TASK OBJECTIVE
What you return must match, exactly, the lines running from the one containing "图1.连续相流速对海藻酸盐-RGD液滴尺寸的影响。" to the end of the data, both included, and must contain no pictures.

DATASET EXCERPTS
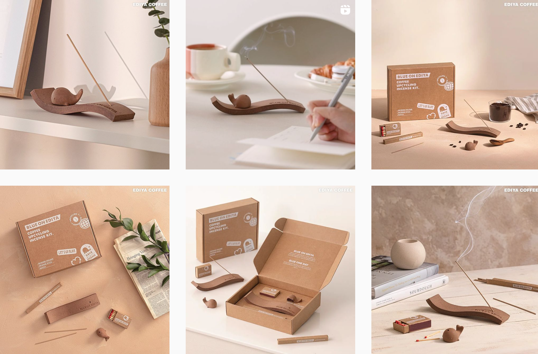 이디야는 최근 인스타그램을 통해서 편안해 보이는 우드톤 컬러와 LP모양 스피커와 인센스 홀더 세트 등 요즘 유행하고 있는 아이템들을 잘 매치한 굿즈들로 마케팅을 하고 있습니다. 이런 아이템들은 사람들이 좋아할 만한 굿즈일뿐더러, 모두 휴식과 관계된 제품들이죠. 이러한 이미지들의 통일감을 통해서 이디야라는 커피 전문점이 추구하는 정체성을 보여주고 있어요.
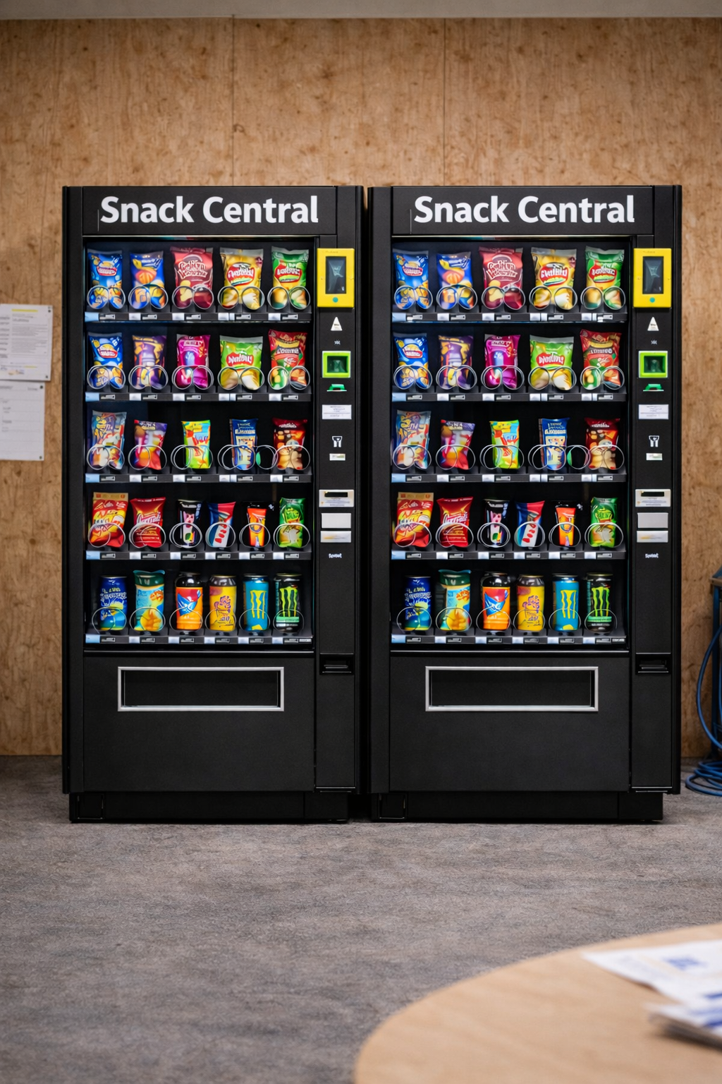 We regularly restock and maintain our machines, ensuring you always have fresh snacks and drinks available.
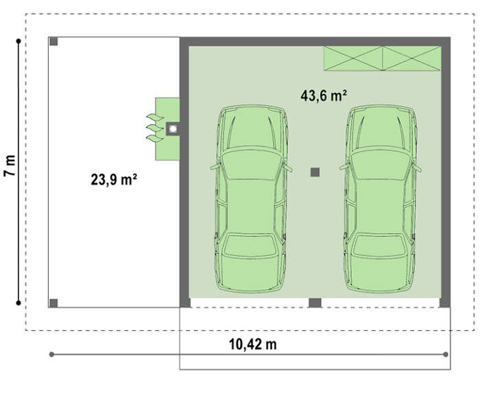 Проект большого гаража на 2 авто площадью 50 кв.м. 4M7069
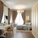 The design features of the curtains are determined by the style decision. Models for a classic interior are distinguished by their refinement, beauty of lines, and the presence of decorative elements. It is recommended to use colors that are already found in the interior for the manufacture of such curtains.
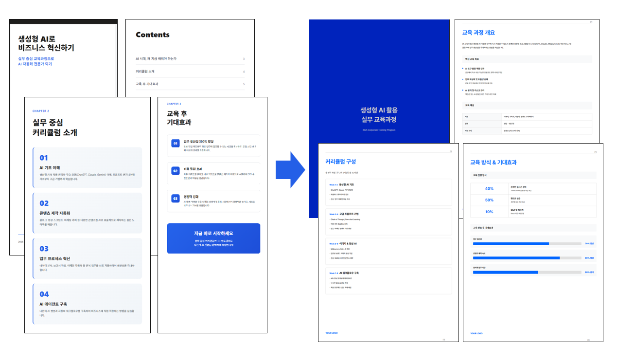 - 디자인에 들어갈 주제 제시(ex- 5장짜리 생성형 AI교육과정 제안서)
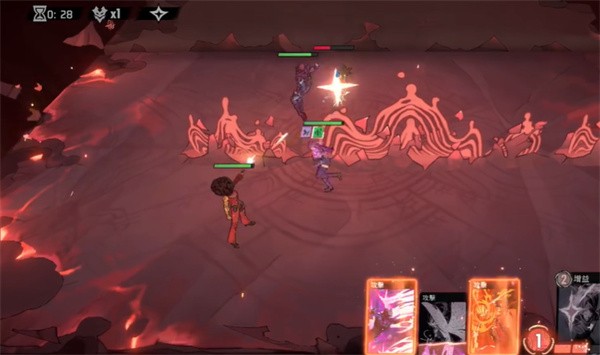 在战斗过程中,游戏会随机刷出英雄的技能卡牌,玩家耗费随时间慢慢积累的一定点数就能释放。此外,英雄拥有一个单独计算冷却时间(CD)的大招。这表明,玩家于战斗期间仅能进行两件事:释放技能卡牌以及大招。
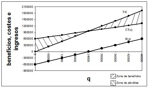 Efectivamente, como se puede apreciar en el gráfico anterior, si la empresa produce menos de 24000 unidades incurre en pérdidas:
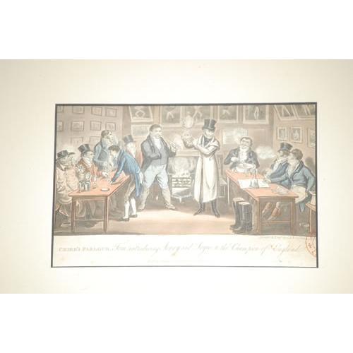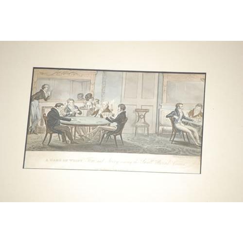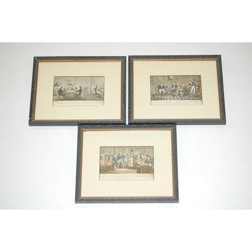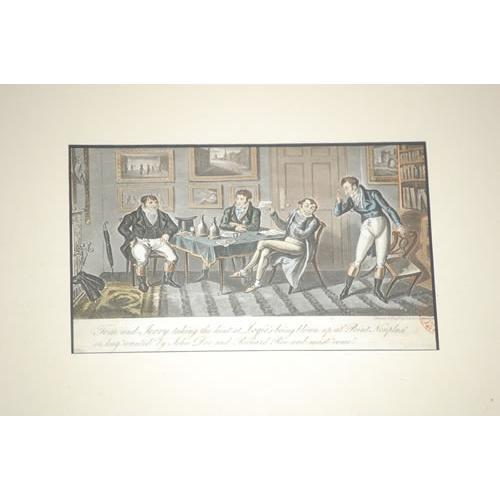 (3) 19TH CENT. CRUICKSHANK COLORED ENGRAVINGS-ENGLISH DRAWING ROOM ADVENTURES OF TOM, JERRY & LOGIC-BY I.R. & G. CRUICKSHANK & PUBL. BY SHERWOOD NEELY & JONES- JAN. 1 1821, MATTED IN MATCHING MOLDED FRAME (4.5" X 6.75") - WEAR, TONING, IMPERFECTIONS
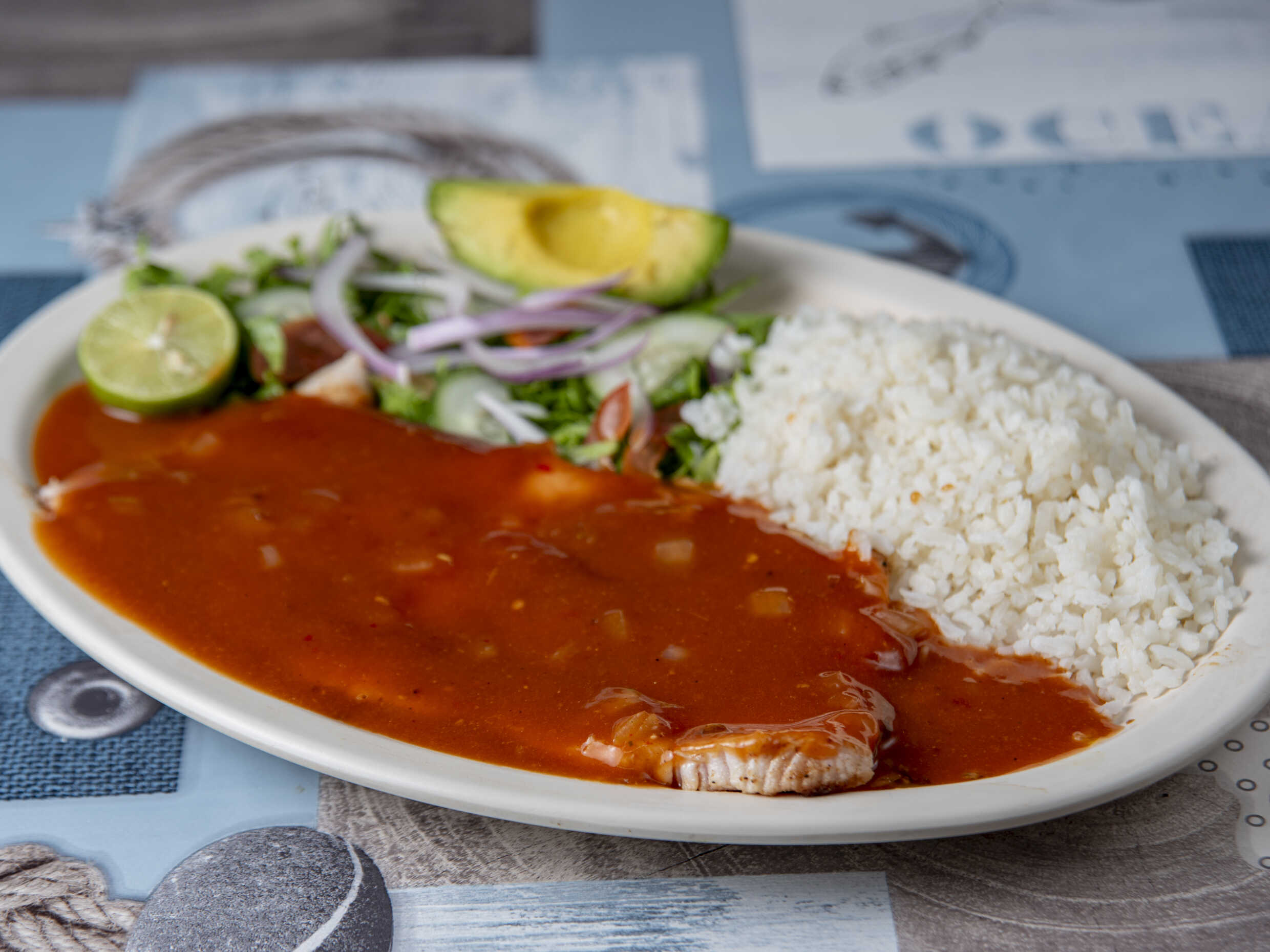 Orden de 195 gramos de filete de pescado con salsa a la diabla. Acompañado con arroz blanco y ensalada, incluye lechuga, jitomate, pepino, cebolla morada, aguacate y limón. El filete se sazona con salsa, chile y salsa cátsup.
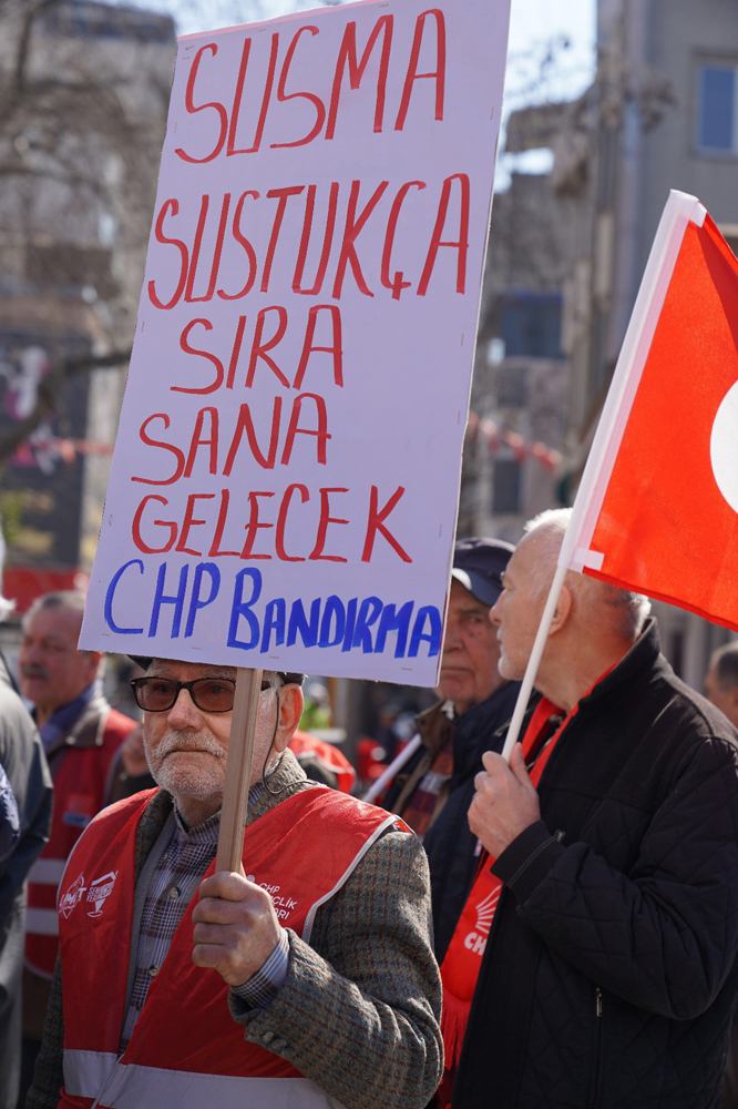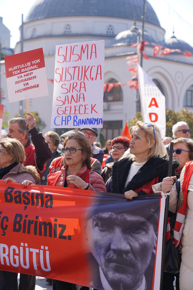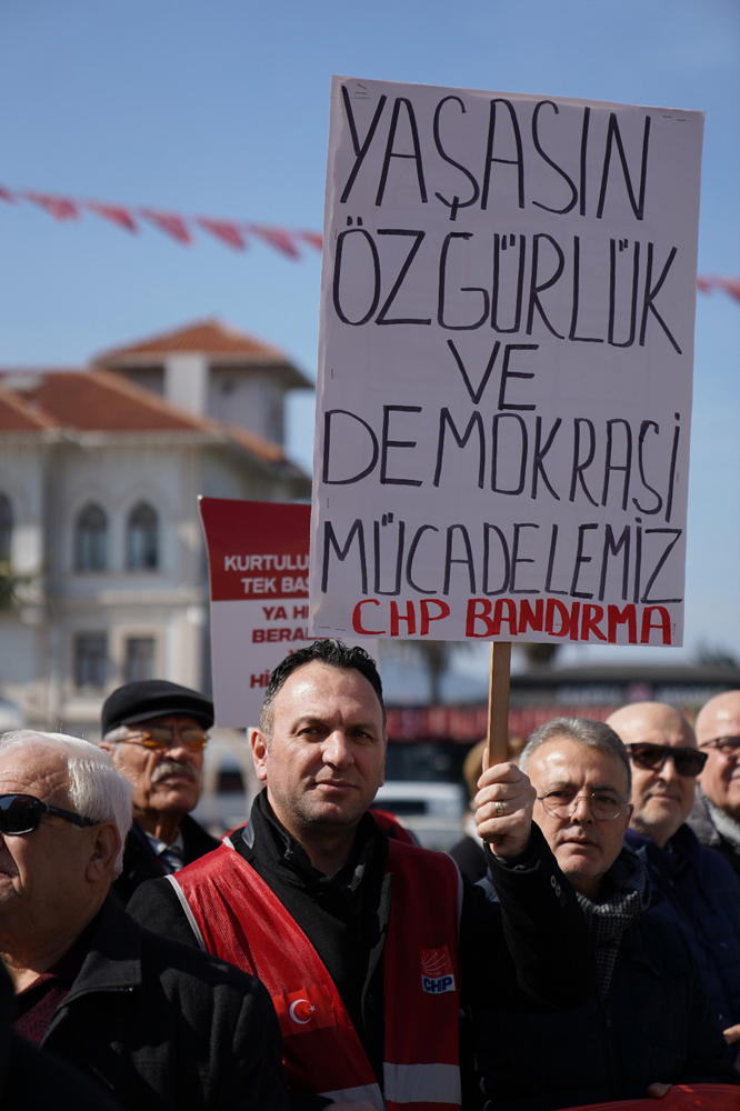 Yürüyüşe Birinci Meclis'ten başladıklarını anımsatan Özbay, "Birinci Meclis, cumhuriyeti inşa ediyordu, bugünkü Meclis cumhuriyetin kazanımlarını tasfiye ediyor. O yüzden bu yürüyüşe Birinci Meclis'ten başladık. Bandırma, Cumhuriyetin, Atatürk'ün kenti. Kurtuluşa giden yoldaki geminin adı da Bandırma. Biz hep aynı gemideyiz. Halka ait olan cumhuriyete sahip çıkmak için adım adım ülkeyi dolaşıyoruz" diye konuştu.
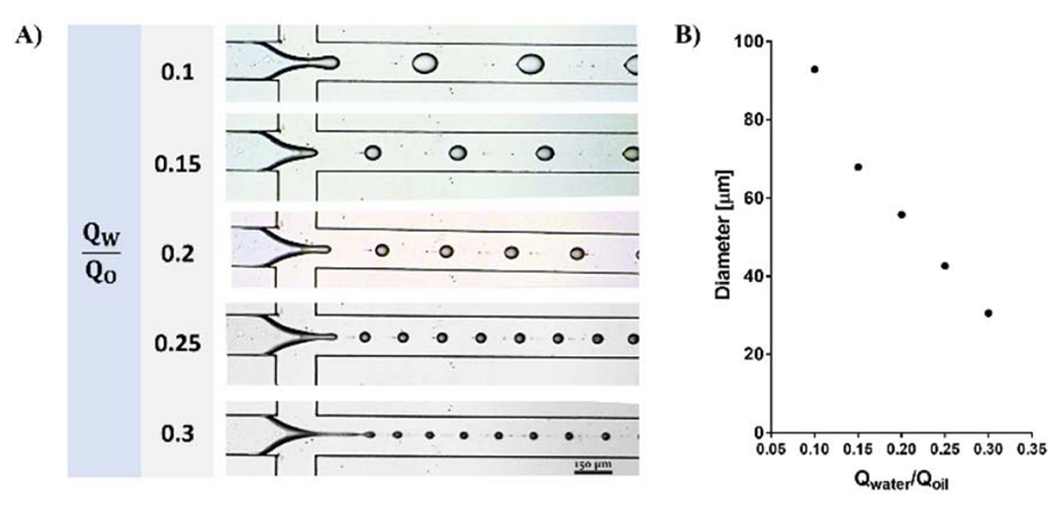 图1.连续相流速对海藻酸盐-RGD液滴尺寸的影响。
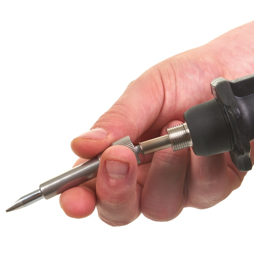 - Led dioda dvou barev upozorňuje uživatele: Při blikání zelenou barvou se nástroj zahřívá, při spojitém zeleném světle je připraven k provozu, červené světlo svítí, když je nástroj vypnutý, ale špička je horká, dokud červená nezhasne.
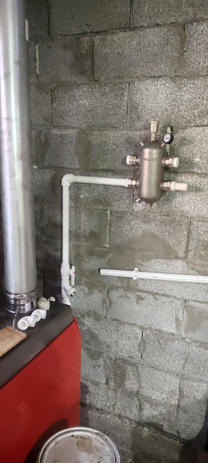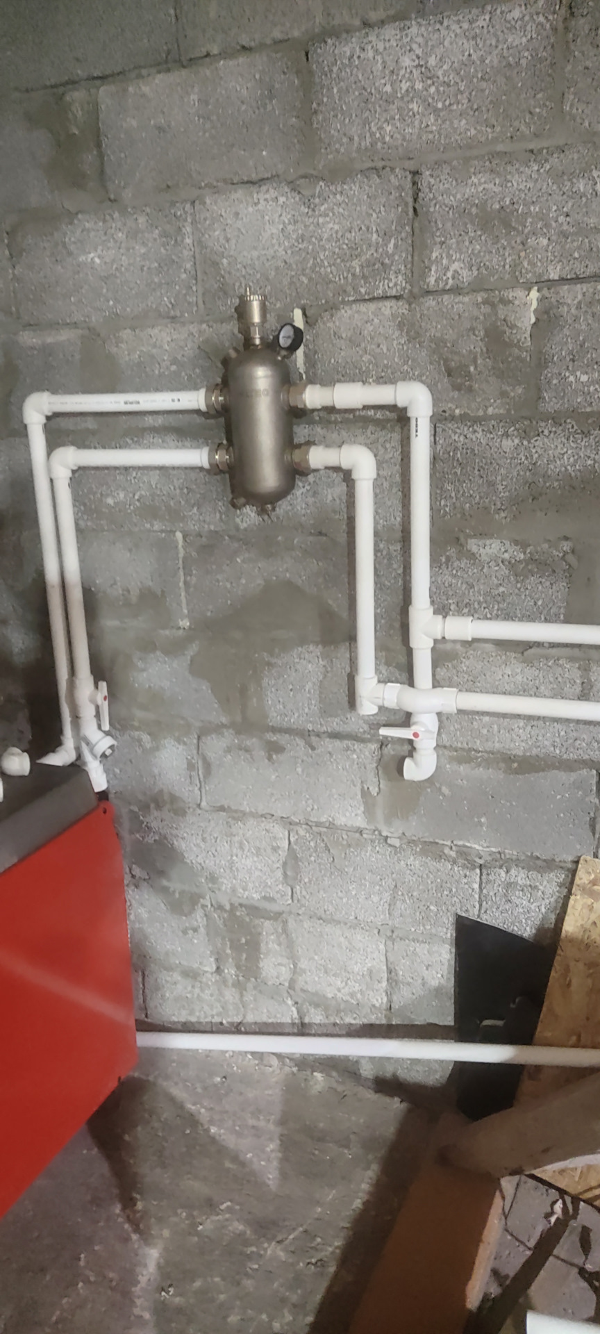 Дровяной котел обвязанный полипропиленом, и спасительная гидрострелка.

YOUR SOLUTION
 图1.连续相流速对海藻酸盐-RGD液滴尺寸的影响。
 - Led dioda dvou barev upozorňuje uživatele: Při blikání zelenou barvou se nástroj zahřívá, při spojitém zeleném světle je připraven k provozu, červené světlo svítí, když je nástroj vypnutý, ale špička je horká, dokud červená nezhasne.
 Дровяной котел обвязанный полипропиленом, и спасительная гидрострелка.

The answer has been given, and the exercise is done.